Individualism Versus Organicism

Spencer had to find a way of reconciling his thoroughgoing individualism with his organicist approach. In this he differed sharply from Comte, who, it will be remembered, was basically anti-individualistic in his general philosophy and developed an organicist theory in which the individual was conceived as firmly subordinated to society. Spencer, in contrast, not only conceived of the origins of society in individualistic and utilitarian terms, but saw society as a vehicle for the enhancement of the purposes of individuals.

According to Spencer, men had originally banded together because it was advantageous for them to do so. "Living together arose because, on the average, it proved more advantageous to each than living apart." And once society had come into being, it was perpetuated because, "maintenance of combination [of individuals] is maintenance of conditions . . . more satisfactory [to] living than the combined persons would otherwise have." In line with his individualistic perspective, he saw the quality of a society as depending to a large extent on the quality of the individuals who formed it. "There is no way of coming at a true theory of society, but by inquiry into the nature of its component individuals. . . . Every phenomenon exhibited by an aggregation of men originates in some quality of man himself." Spencer held as a general principle that "the properties of the units determine the properties of the aggregate."

In spite of these individualistic underpinnings of his philosophy, Spencer developed an overall system in which the organicist analogy is pursued with even more rigor than in Comte's work. The ingenious way Spencer attempted to overcome the basic incompatibility between individualism and organicism is best described in his own words. After having shown the similarity between social and biological organisms, he turned to show how they were unlike each other. A biological organism is encased in a skin, but a society is bound together by the medium of language.

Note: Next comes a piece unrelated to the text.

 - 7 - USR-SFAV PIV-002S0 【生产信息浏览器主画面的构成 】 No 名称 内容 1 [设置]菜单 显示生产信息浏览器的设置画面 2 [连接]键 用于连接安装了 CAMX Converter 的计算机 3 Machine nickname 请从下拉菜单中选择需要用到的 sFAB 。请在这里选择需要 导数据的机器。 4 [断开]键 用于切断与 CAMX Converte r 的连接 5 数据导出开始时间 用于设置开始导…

The parts of an animal form a concrete whole, but the parts of society form a whole which is discrete. While the living units composing the one are bound together in close contact, the living unit composing the other are free, are not in contact, and are more or less widely dispersed. . . . Though coherence among its parts is a prerequisite to that cooperation by which the life of an individual organism is carried on, and though the members of a social organism, not forming a concrete whole, cannot maintain cooperation by means of physical influences directly propagated from part to part, yet they can and do maintain cooperation by another agency. Not in contact, they nevertheless affect one another through intervening spaces, both by emotional language and by the language, oral and written of the intellect . . . .That is to say, the internuncial function, not achievable by stimuli physically transferred, is nevertheless achieved by language.

The medium of language enables societies, though formed of discrete units, to exhibit a permanence of relations between component parts. But there is a more important difference still.

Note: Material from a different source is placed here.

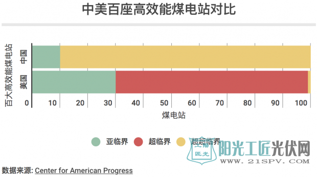 超超临界燃煤发电技术也有望帮助相关电厂达到这个相对严格的环保要求。相比于亚临界燃煤机组,超超临界火力发电机组的燃煤温度更高(约760摄氏度),内部压力也更大(超过3万多千帕),因此发电效率也更高。美国进步中心(Center for American Progress,后文简称CAP)最新发布的一份报告显示,中国能效最高的100家燃煤电厂中超过90%配备了超超临界技术设备,而美国的这一数字仅为0.76%。显然,中国在这一方面步子迈得比美国更大。

In the [biological organism] consciousness is concentrated in a small part of the aggregate. In the [social organism] it is diffused throughout the aggregate: all the units possess the capacity for happiness and misery, if not in equal degree, still in degrees that approximate. As, then, there is no social sensorium, the welfare of the aggregate, considered apart from that of the units, is not an end to be sought. The society exists for the benefit of its members; not its members for the benefit of society.

This is not the place to judge whether Spencer really managed to reconcile his individualism and his organicism--I rather think that he did not--but only to note that Spencer thought he had done so by stressing that no social body possessed a collective sensorium. Thus, despite functional differentiations between men, they all still aspired to a measure of "happiness" and satisfaction.